Le 11-05-2005
Archive du 20 janvier 2005
Pour ceux qui l'ignoreraient et ne suivraient pas vraiment mon site, c'est juste un journal intime ordinaire ou je déverse mon humeur en fonction de ce que j'ai fait dans la journée ... Mes coups de blues, mes coups de coeur, un coup de colère aussi ... Rien de bien original, sauf que je m'efforce, parce que j'ai - en tout cas j'espère - un petit peu de culture musicale, de donner à chaque fois une autre vision de mon humeur du jour avec une référence de disque ...
Disons qu'à force de m'ouvrir les oreilles pour découvrir des choses, j'ai l'utopie de partager ça avec vous, mes lecteurs, et de vous donner envie d'acheter les disques que j'ai aimé et d'écouter des choses qui, même si elles vous déstabiliseront peut-être un peu, ouvriront les portes de nouveaux univers musicaux ...

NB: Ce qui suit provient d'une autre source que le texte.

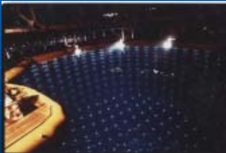
カミオカンデの純水タンク

1987年にマゼラン雲で発生した超新星 1987Aのニュートリノを検出し、ニュートリノ 天文学の第一歩を記した

Je n'en suis qu'au début certes mais j'ai déjà cité quelques uns de mes favoris ... Et parmi ceux-ci, l'un de mes chouchous, m'a répondu, ici, sur mon blog ... Certes, je disais d'un ton un peu ironique que j'aimais bien ses compositions mais aussi que j'assumais mes fautes de goût dans l'article et je ne voudrais pas que qui que ce soit se méprenne pour mon admiration sans borne pour ce génie ...
Sans vouloir ni me vanter, ni faire le vieux con, alors que j'ai à peine 28 ans, j'ai déjà écouté bon nombre de disques dans ma vie, profité de ma vie parisienne pour faire pas mal de concerts et voir plein de choses ... Mais je peux dire que celui auquel j ai assisté, il y a quelques années à quelques jours de Pâques, dans un bateau parisien, ce soir où est arrivé Jean-Jacques Perrey sur scène fut l'un des plus beaux.
Entendons-nous bien, je suis pas mal sorti, j'ai presque réussi à assister aux performances de tous ceux qui me passionnent (hormis David Bowie et Prince qui, je l'avoue, manquent à mon palmarés...).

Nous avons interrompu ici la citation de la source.